Decisions (save immediately)

When a technical decision is made, save it right away:

memory_save(
  title: "Decision — {short description}",
  content: "## Decision\n{what was decided}\n\n## Why\n{rationale and trade-offs considered}\n\n## Alternatives rejected\n{what was not chosen and why}\n\n## Classification\n{locked | agent-discretion}",
  tags: ["decision", "{work-item-key}", "{topic}"],
  work_item_id: "{uuid if applicable}"
)

Locked vs Agent Discretion:

• Locked — The user explicitly chose this. Do not change without user approval.
• Agent discretion — The agent chose this. Can be revisited if circumstances change.

Trade-offs (save when evaluated)

When you evaluate trade-offs between approaches:

memory_save(
  title: "Trade-off — {short description}",
  content: "## Options\n{option A vs B vs C}\n\n## Analysis\n{pros/cons of each}\n\n## Chosen\n{which one and why}",
  tags: ["trade-off", "{work-item-key}", "{topic}"]
)

Blockers (save when identified)

When something blocks progress:

memory_save(
  title: "Blocker — {short description}",
  content: "## Blocker\n{what's blocking}\n\n## Impact\n{what can't proceed}\n\n## Possible resolutions\n{ideas to unblock}",
  tags: ["blocker", "{work-item-key}"]
)

Implementation context (save when non-obvious)
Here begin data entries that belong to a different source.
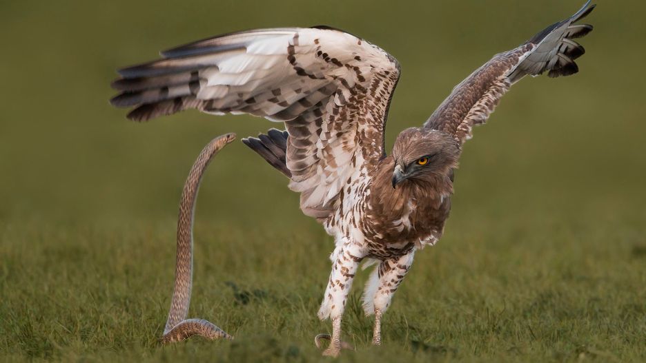 Zazwyczaj te drapieżne ptaki zabijają węże uderzając je w głowę i wbijając szpony w ich ciało. Po wygranej bitwie zjadają swoje ofiary w całości, co często kończy się dość nietypowym widokiem, który udało się uchwycić Sambathowi. Z dzioba ptaka wystaje końcówka ogona węża, kiedy jego głowa jest już trawiona w żołądku ptaka.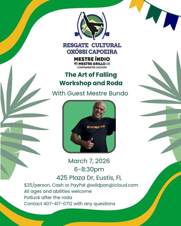 A 2.5 hour workshop and Roda with Mestre Bundo on the Art of Falling and Recovery in Capoeira.
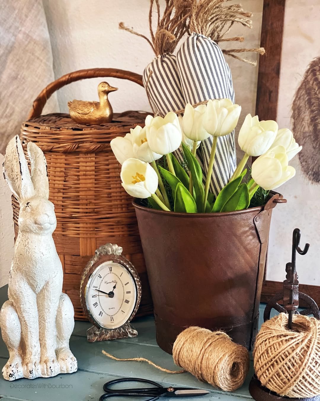 A small vignette, but full of charm. White tulips in a rustic metal container, paired with a few vintage accents, create a look that feels fresh without trying too hard.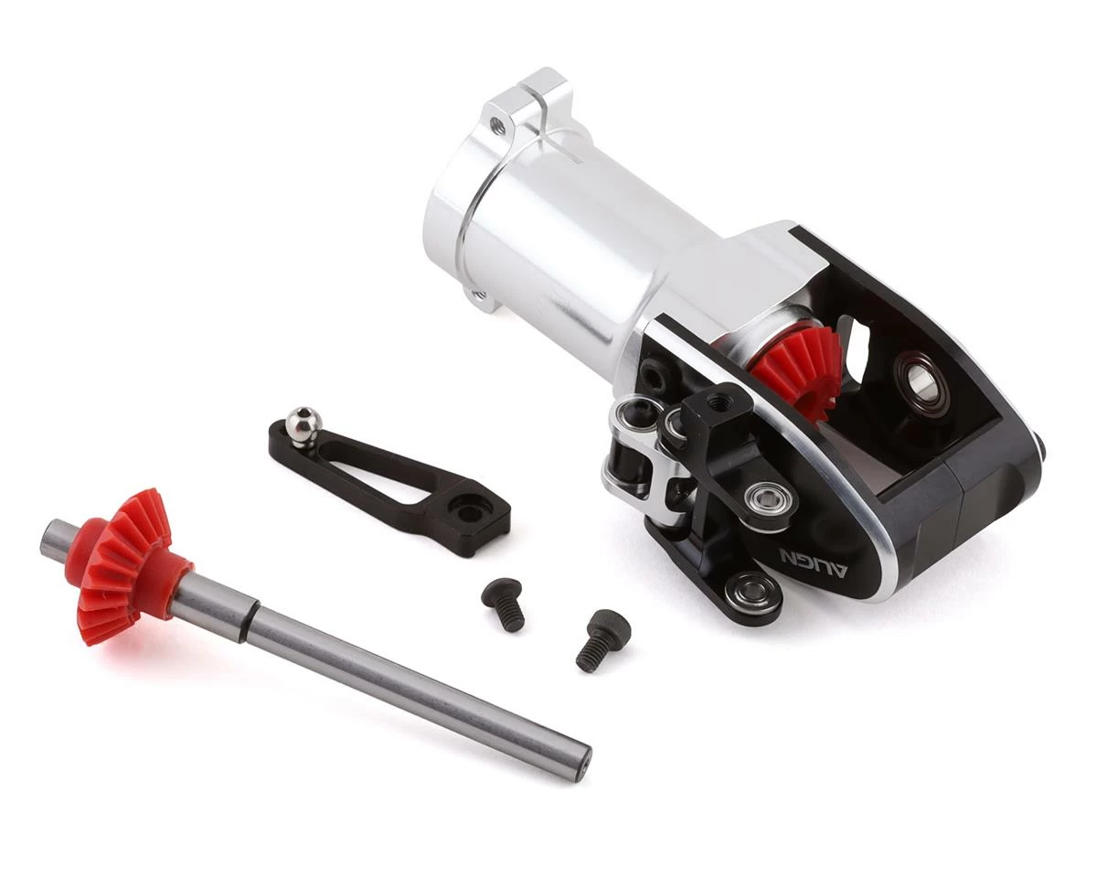 This is a replacement Align T-Rex 650X Tail Case Unit. This includes a set of rear torque tube gears, tail shaft, and tail pitch arm assembly.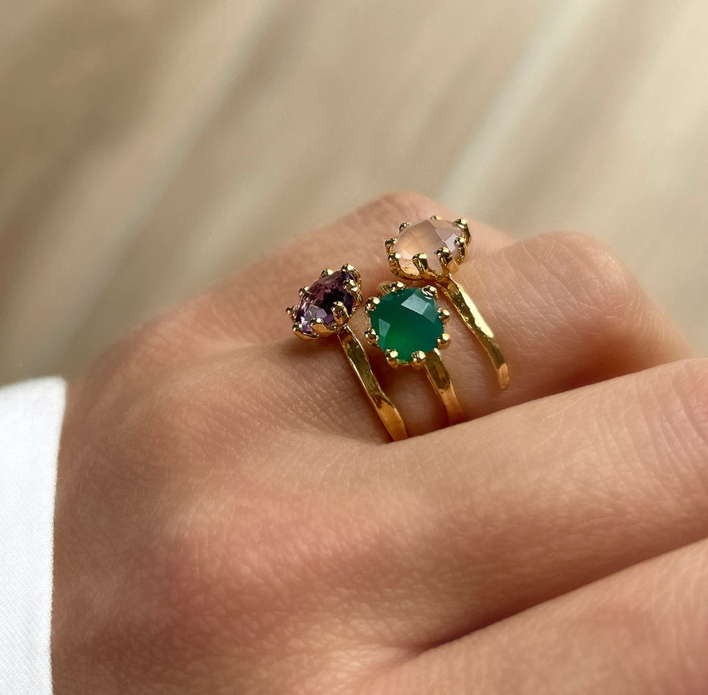 Green onyx Let yourself be enchanted by the enchanting brilliance of this stone. A symbol of renewal and energy, this emerald-colored stone captures the light with captivating intensity. The meticulous setting enhances the depth of its color.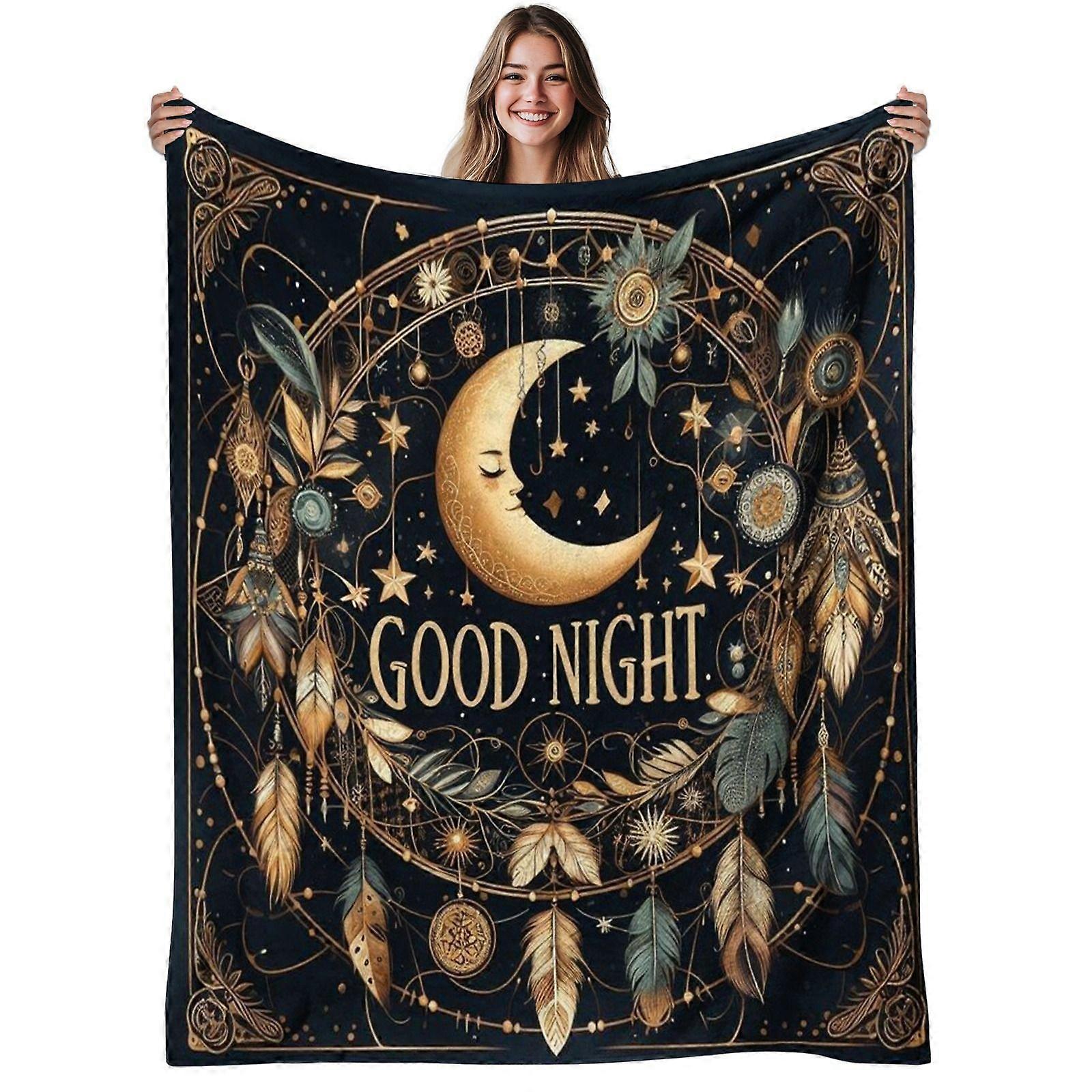 1pc Moon and Stars Flannel Blanket | Soft, Warm, Bohemian Design, Polyester, 280gsm, All-Season Use, Ideal for Bedroom, -qacvbg230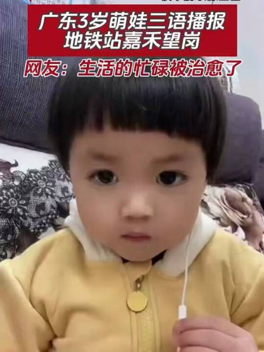 广东3岁萌娃三语播报地铁站嘉禾望岗,网友:生活的忙碌被治愈了#广东萌娃 #粤语 #嘉禾望岗 #广州地铁 (来源:珠江频道)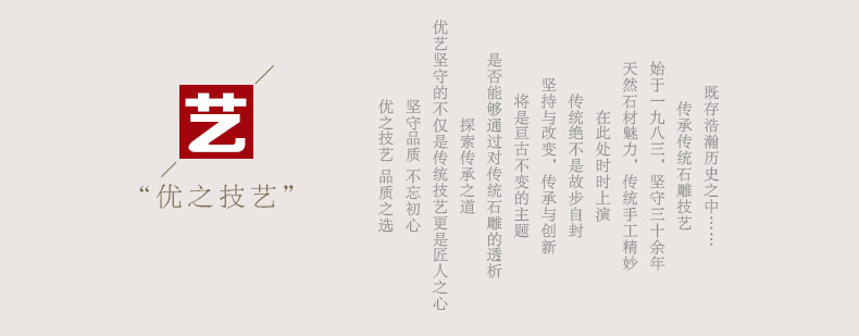 曲陽縣優(yōu)藝園林雕塑有限公司是一家致力于城市雕塑及園林工程雕塑創(chuàng)意、設(shè)計(jì)、制作、安裝為一體的專業(yè)性雕塑工程公司。公司坐落于全國著名的雕刻之鄉(xiāng)——河北省保定市曲陽縣,為適應(yīng)日益增長(zhǎng)的客戶需求及高標(biāo)準(zhǔn)的工程定制項(xiàng)目,多位志同道合的傳統(tǒng)手工藝人合資組建本公司。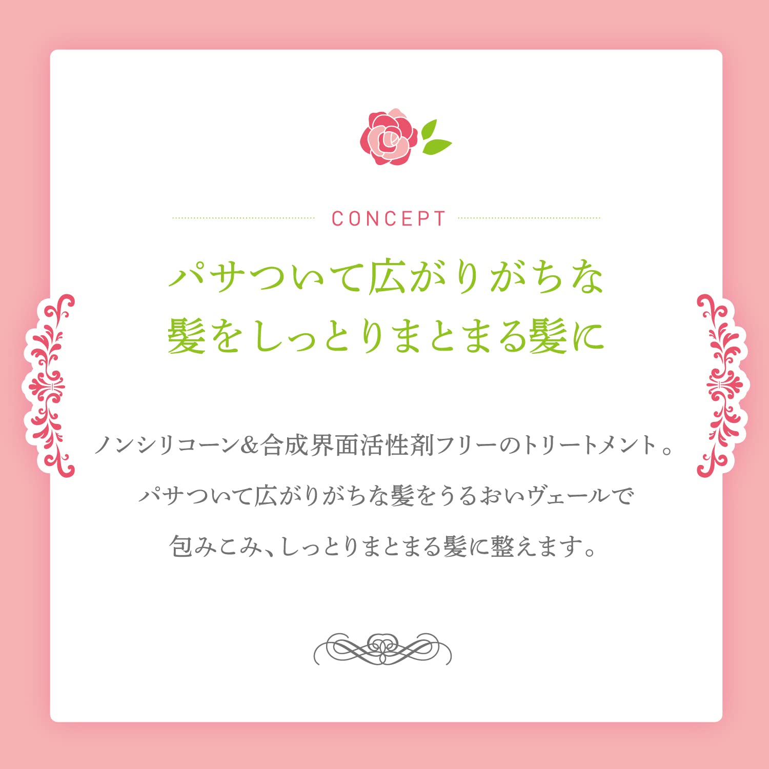 パサついて広がりがちな髪をうるおいヴェールで包みこみ、しっとり、まとまる髪に整えるトリートメントです。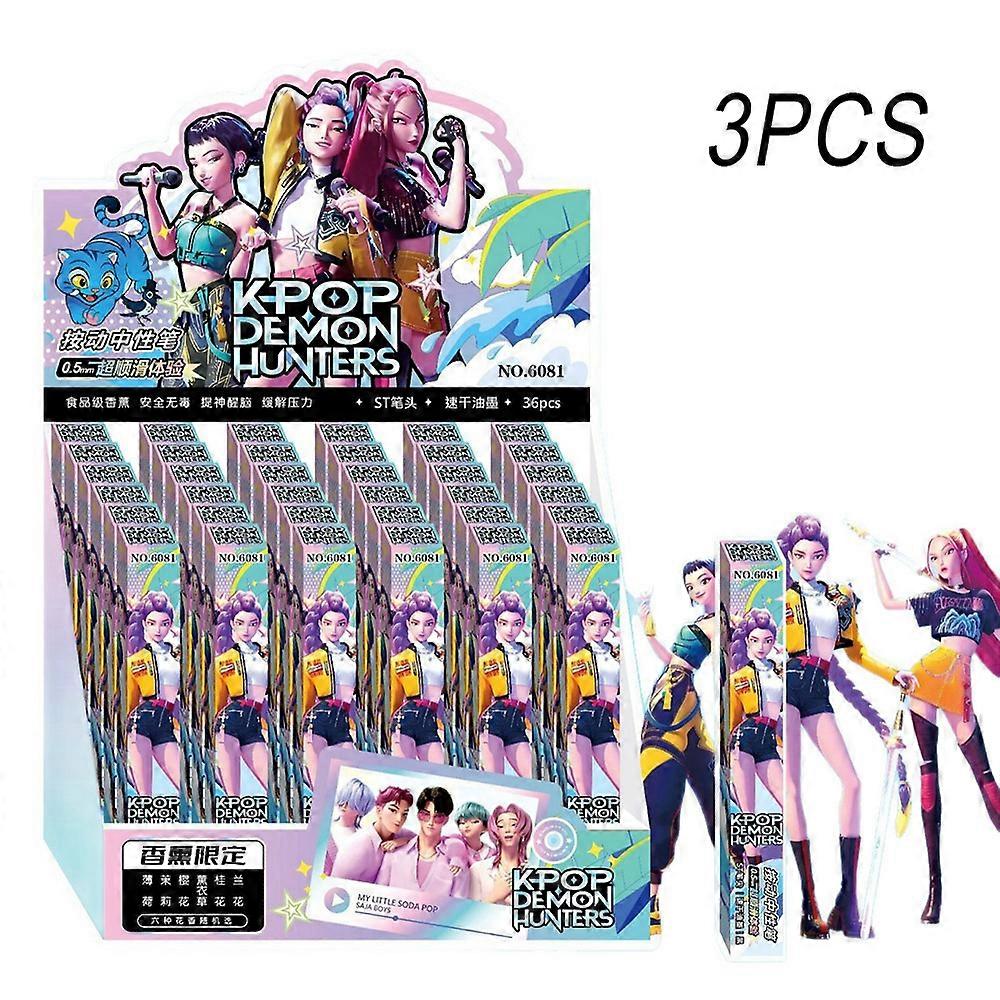 1/3/6/12Pcs KPop Demon Hunters Black Ink Pen Student Writinng Draw Gel Pen Anime Figure Stationery Study Supplies Gift 0.5mm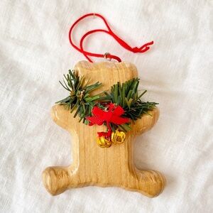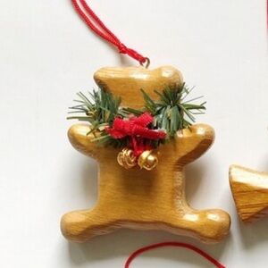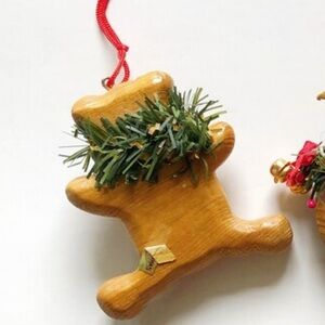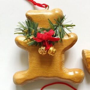 This delightful Christmas ornament features a charming wooden bear adorned with festive holiday decorations. The bear is crafted from polished wood, showcasing its natural grain and smooth finish. Around its neck, the bear wears a miniature wreath made of artificial pine needles, accented with a bright red bow and two tiny golden bells, adding a cheerful touch of holiday spirit. A red hanging loop completes the design, making it easy to display on your Christmas tree or as part of a festive arrangement. This ornament combines rustic charm with holiday cheer, making it a perfect addition to your seasonal decor or a thoughtful gift for loved ones.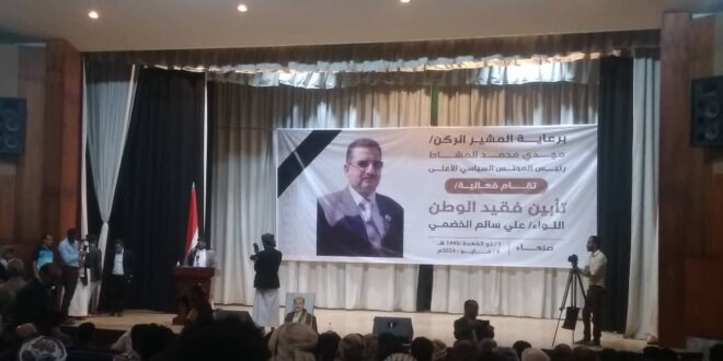 برعاية رئيس المجلس السياسي الاعلي المشير الركن مهدي محمد المشاط ، إقيم صباح اليوم الخميس حفل تآبين للقيادي المؤتمري اللواء علي سالم الخضمي في المركز الثقافي بصنعاء ، بحضور ريئس مجلس النواب يحيي الراعي ونوابه عبده الجندي ورئيس التلاحم القبلي الشيخ ضيف الله رسام ، والامين العام للموتمر الشعبي العام غازي محسن وعضو المكتب السياسي لانصار الله علي القحوم والامين العام المساعد للشؤون السباسية والعلاقات الخارجية الشيخ عبدالله مجيديع ، ورئيس الدائرة الإعلامية طارق الشامي، وعدد من أعضاء الهيئات البرلمانية والوزارية والشوروية وقيادات سياسية وحزبية والوجاهات القبلية ،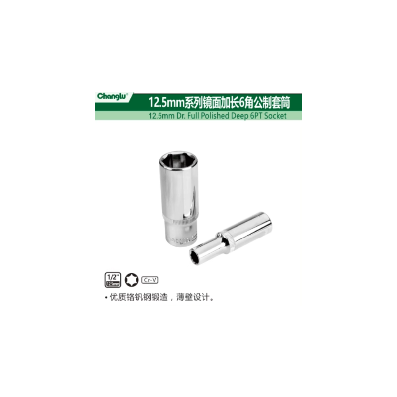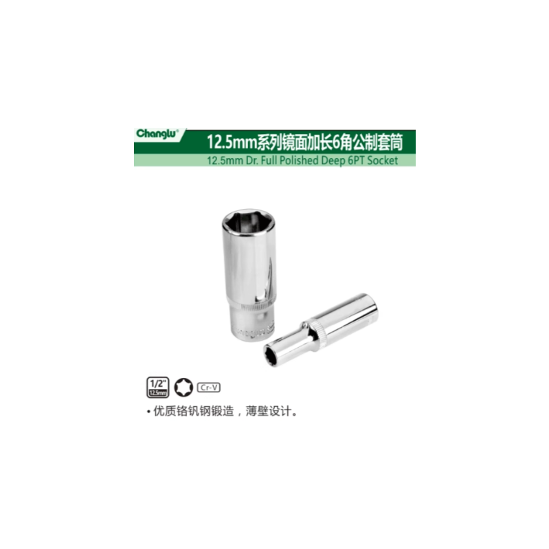 长鹿工具 205412 12.5mm系列镜面齿形公制套筒(Cr-V)12mm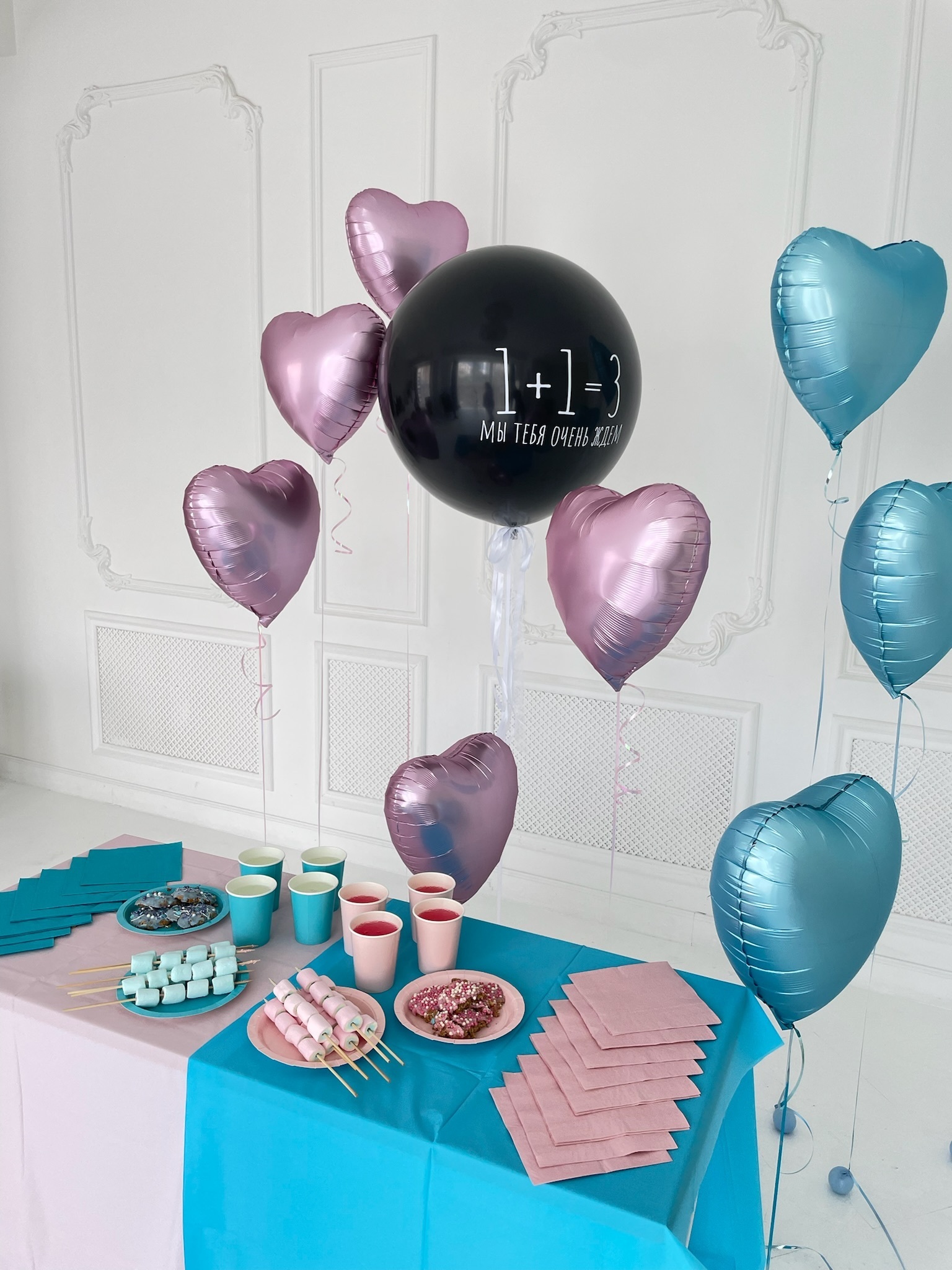 • 10 сердец на индивидуальных грузиках (5 голубых, 5 розовых)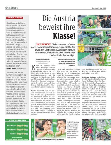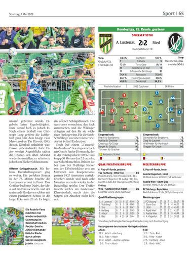 Spielbericht. Die Lustenauer müssen nach zweimaliger Führung gegen die Rieder zwar den Last-Second-Ausgleich zum 2:2 hinnehmen, bleiben mit dem Punkt aber sicher in der Bundesliga.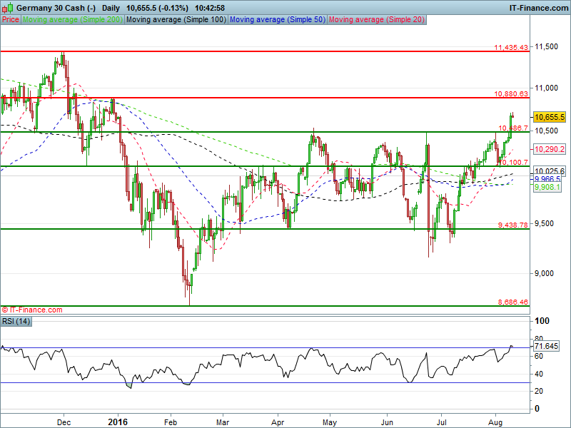 The DAX 30 is mid-way between the floor and ceiling of a potential new range. Note the RSI has turned back from overbought.

When you discover something during implementation that would be lost between sessions:

memory_save(
  title: "Context — {short description}",
  content: "## What\n{the insight or finding}\n\n## Why it matters\n{how this affects future work}",
  tags: ["context", "{work-item-key}", "{topic}"]
)

Session state (save at conversation end — mandatory)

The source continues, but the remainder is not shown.